Geplante Finanzreform der gesetzlichen Krankenversicherung

Bundesgesundheitsministerin Nina Warken (CDU) plant im Rahmen der Finanzreform für die gesetzliche Krankenversicherung, die Gehälter der Kassen-Vorstände und der Führungsebene gesetzlich zu deckeln. Dies erklärte sie gegenüber dem „Redaktionsnetzwerk Deutschland“.

Sparmaßnahmen und Gehaltsdeckelung

Warken betonte, dass die Krankenkassen bei ihrem Sparpaket nicht ausgenommen werden sollen.Neben der Begrenzung der Verwaltungs- und Werbeausgaben sollen auch die Gehälter der Führungsebene und der Vorstände nicht stärker steigen als die Beitragseinnahmen.

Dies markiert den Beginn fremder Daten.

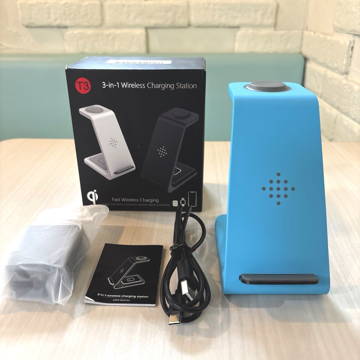 - ワイヤレス充電 3in1 置くだけ充電スタンド 急速充電 Qiスマホ対応 3台同時充電 iPhone/Apple Watch/Galaxy 9V-2AのQC3.0アダプター付属
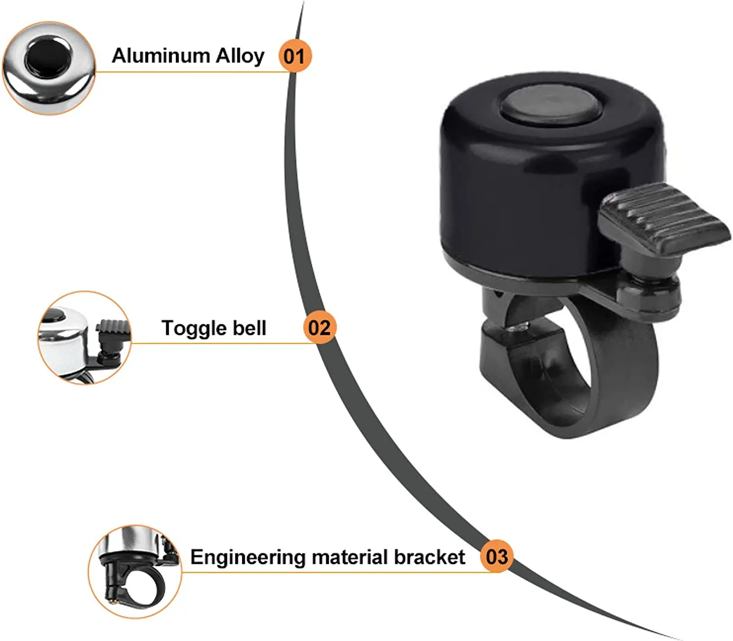 2.Material: The bicycle bells are made of quality aluminum alloy materials,sturdy and durable,anti-rust and anti-aging.The stable plastic base makes the bike bell have a long lifetime to use.
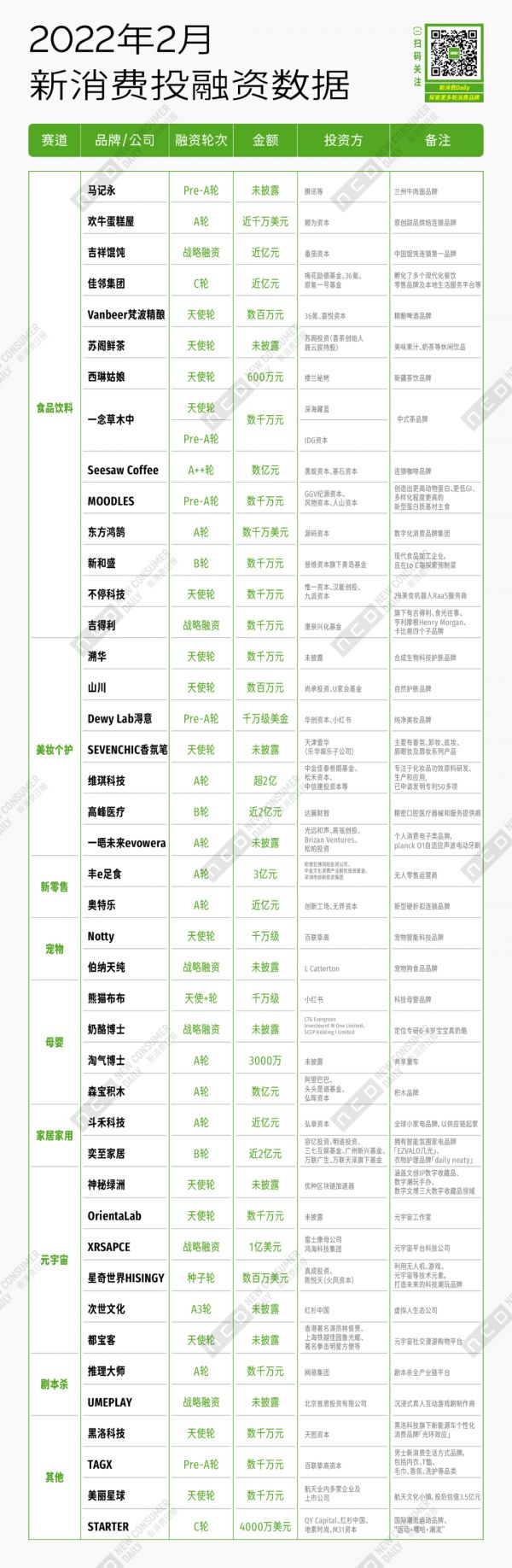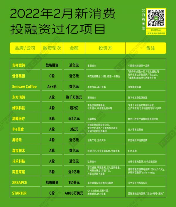 2月新消费投融资数据汇总
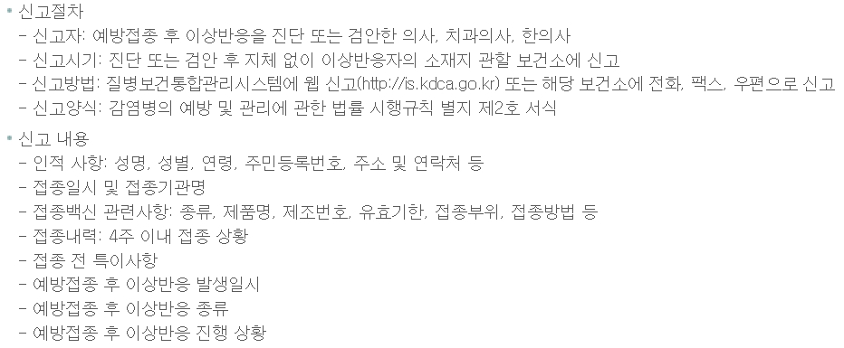 ① 이상반응 진료한 의료기관 의사, 치과의사, 한의사가 진단 후 관할 보건소장에게 신고
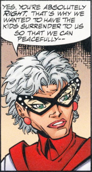 Years later, it was revealed that Merry was still alive, and she had a daughter Jacqueline Pemberton. Merry was then reunited with her son. She became a founding member of Old Justice, a group of retired former child super heroes who joined together to prevent other young heroes from following their example and endangering themselves.
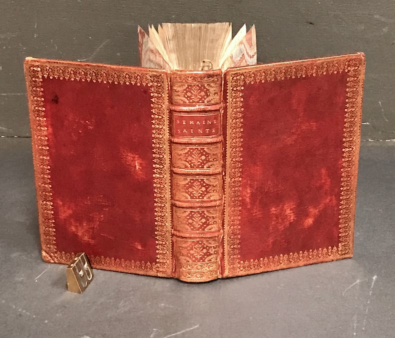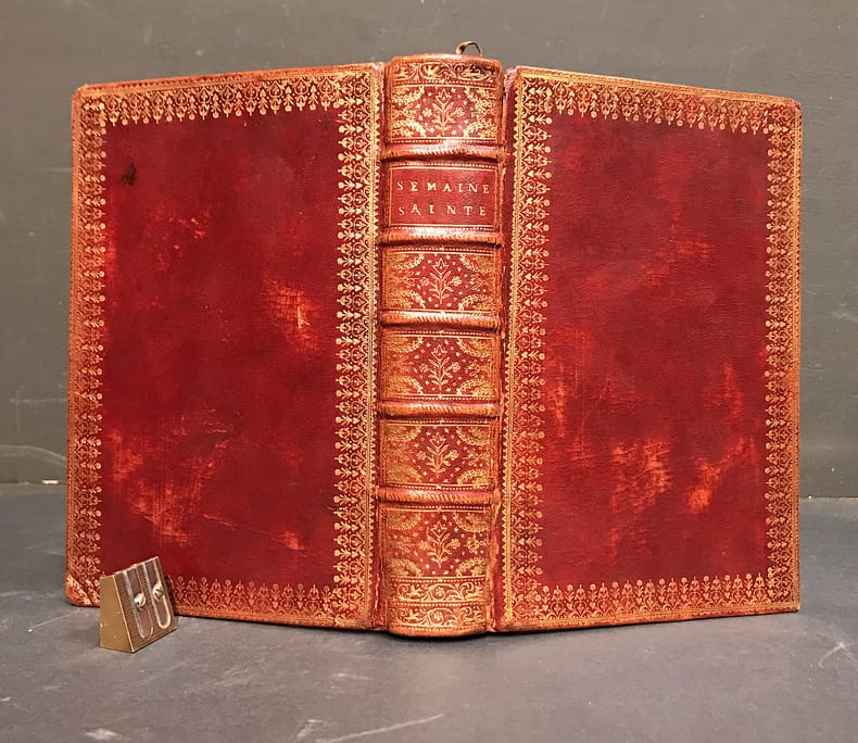 Paris, Hansy, 1732. in-8, 2ff.-16pp.724pp.-1f.- 3 hors-texte. Maroquin rouge, large encadrement d'une fine dentelle dorée, dos orné de caissons filets dorés, fleurs, feuillage et petits fers dorés, tranches dorées. (Reliure de l'époque).

keine Reduzierung der Kassenanzahl

Eine Reduzierung der Anzahl der Krankenkassen durch gesetzliche Eingriffe plant Warken derzeit nicht. Sie bezeichnete dies als eine strukturelle Frage, die nicht kurzfristig geklärt werden könne. Derzeit gibt es in Deutschland 93 Krankenkassen. Warken kündigte an, dass sich die Finanzkommission in ihrem zweiten Bericht möglicherweise mit diesem Thema beschäftigen werde.